General

One On One

Ben Horowitz Posted August 30, 2012

It’s funny because it’s been on my mind lately
Having a dope beat, dope idea..
Sixteen bars ain’t enough!
How the f*ck can I squeeze my whole life into a 16 bar verse?
—Rick Ross, Sixteen

After I wrote A Good Place to Work, people flooded me with feedback about one-on-ones. About half the responders chastised me, saying that one-on-ones were useless and that I shouldn’t put so much emphasis on them. The other half wanted to know how to run more effective one-on-ones. It seems to me that both groups are likely talking about two sides of the same coin.

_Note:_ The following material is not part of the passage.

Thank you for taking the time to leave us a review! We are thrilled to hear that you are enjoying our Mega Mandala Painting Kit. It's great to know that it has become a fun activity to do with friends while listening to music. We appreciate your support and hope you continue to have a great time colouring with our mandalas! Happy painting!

Perhaps the CEO’s most important operational responsibility is designing and implementing the communication architecture for her company. The architecture might include the organizational design, meetings, processes, email, yammer and even one-on-one meetings with managers and employees. Absent a well-designed communication architecture, information and ideas will stagnate and your company will degenerate into a bad place to work. While it is quite possible to design a great communication architecture without one-on-one meetings, in most cases one-on-ones provide an excellent mechanism for information and ideas to flow up the organization and should be part of your design.

Generally, people who think one-on-one meetings are a bad idea have been victims of poorly designed one-on-one meetings. The key to a good one-on-one meeting is the understanding that it is the employee’s meeting rather than the manager’s meeting. This is the free-form meeting for all the pressing issues, brilliant ideas and chronic frustrations that do not fit neatly into status reports, email and other less personal and intimate mechanisms.

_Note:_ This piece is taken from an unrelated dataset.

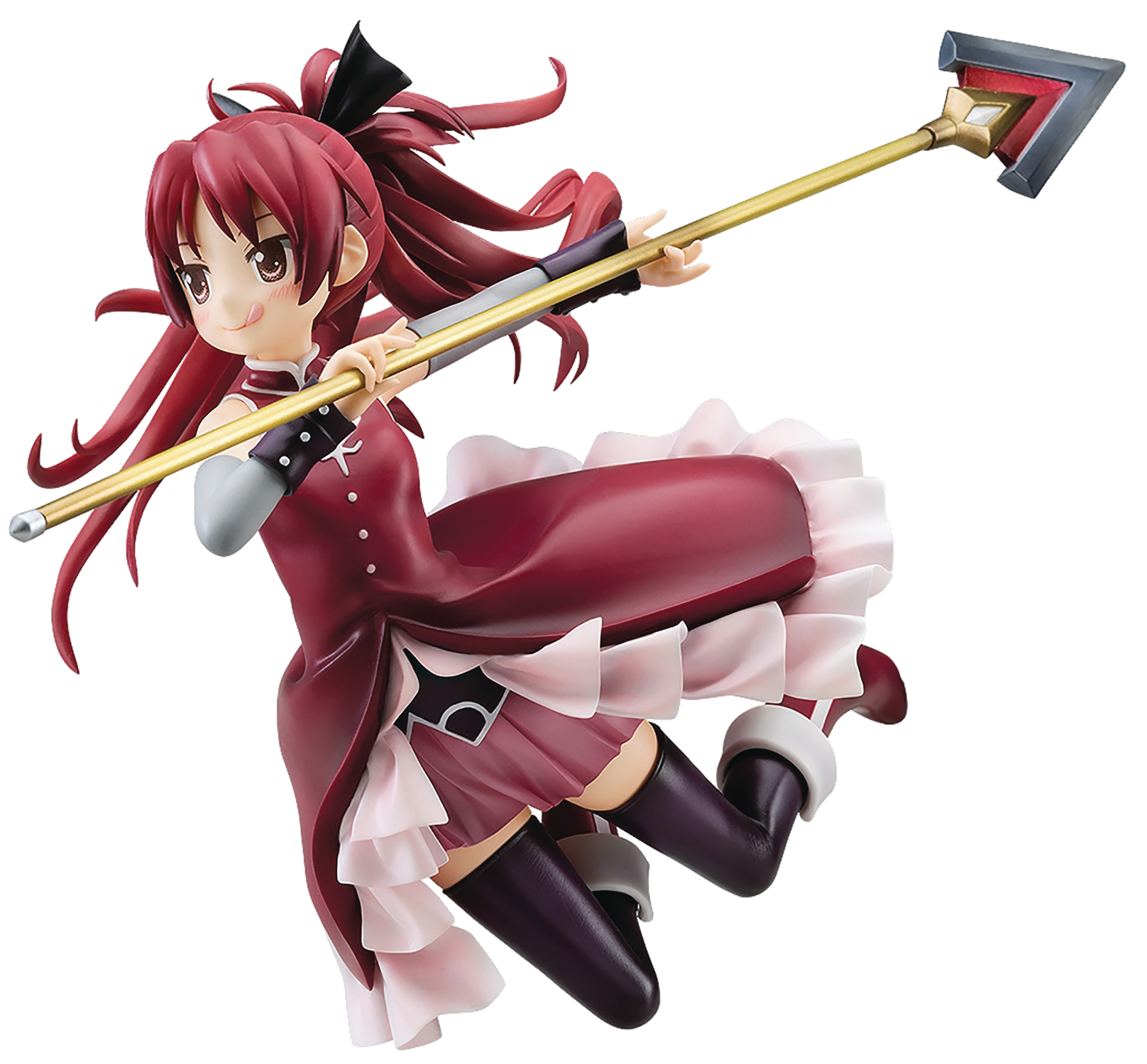 Kyoko Sakura in her Puella Magi outfit. The figure is based on the original key visual for the movie, originally illustrated by character designer Ume Aoki. The dynamic fluttering movement of her hair and outfit is a key highlight of this beautiful figure. Be sure to add her to your collection.

If you are an employee, how do you get feedback from your manager on an exciting, but only 20% formed idea that you’re not sure is relevant without sounding like a fool? How do you point out that a colleague that you do not know how to work with is blocking your progress without throwing her under the bus? How do you get help when you love your job, but your personal life is melting down? Through a status report? On email? Yammer? Asana? Really? For these and other important areas of discussions, one-on-ones can be essential.

If you like structured agendas, then the employee should set the agenda. A good practice is to have the employee send you the agenda in advance. This will give her a chance to cancel the meeting if nothing is pressing. It also makes clear that it is her meeting and will take as much or as little time as she needs. During the meeting, since it’s the employee’s meeting, the manager should do 10% of the talking and 90% of the listening. Note that this is the opposite of most one-on-ones.

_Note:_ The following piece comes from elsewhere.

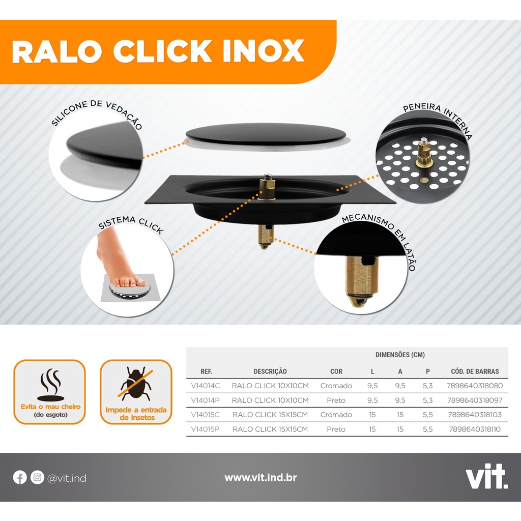 Ralo Click Inteligente 9,5x9,5/10x10/15X15cm Inox Banheiro Veda Cheiro Redondo Quadrado A Escolher
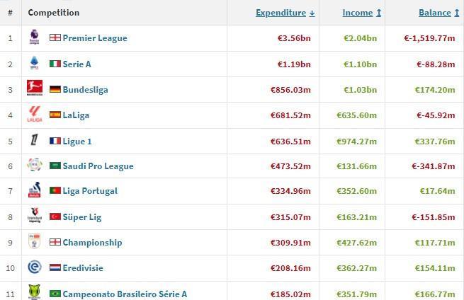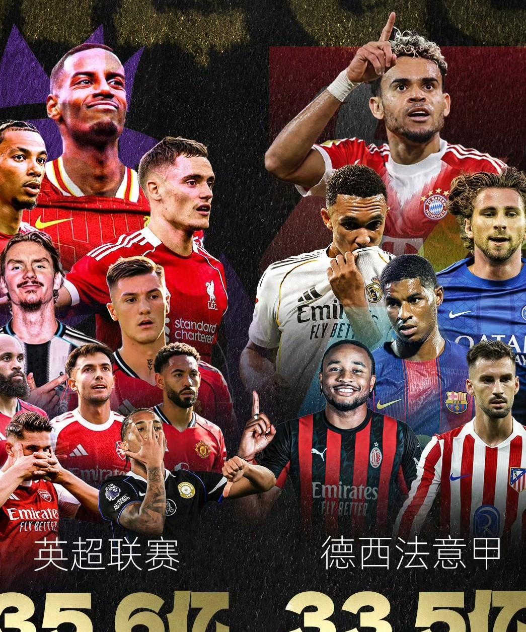为何英超夏窗总支出会超过意德西法四大联赛总支出之和? 2025年欧洲夏季转会窗口于9月1日关闭。 在2025年夏季转会窗口的投入方面,英超的确呈现出“一超多强”的态势。 最新数据显示,2025年英超联赛夏窗引援总支出高达35.6亿欧元,比意甲、德甲、西甲和法甲四大联赛支出总和的33.5亿欧元还要多。 为何英超能一枝独秀呢? 这背后是英超卓越的商业转播运营能力、俱乐部“以卖养买”的运营策略,以及英超吸引资金的能力和全球第一联赛的品牌效应共同作用结果。使得英超最有具有商业价值世界第一联赛。

While it’s not the manager’s job to set the agenda or do the talking, the manager should try to draw the key issues out of the employee. The more introverted the employee, the more important this becomes. If you manage engineers, drawing out issues will be an important skill to master.

Some questions that I’ve found to be very effective in one-on-ones:

If we could improve in any way, how would we do it?

What’s the No. 1 problem with our organization? Why?

What’s not fun about working here?

Who is really kicking ass in the company? Who do you admire?

If you were me, what changes would you make?

What don’t you like about the product?

What’s the biggest opportunity that we’re missing out on?

What are we not doing that we should be doing?

Are you happy working here?

In the end, the most important thing is that the best ideas, the biggest problems and the most intense employee life issues make their way to the people that can deal with them. One-on-ones are a time-tested way to do that, but if you have a better one, go ahead with your bad self.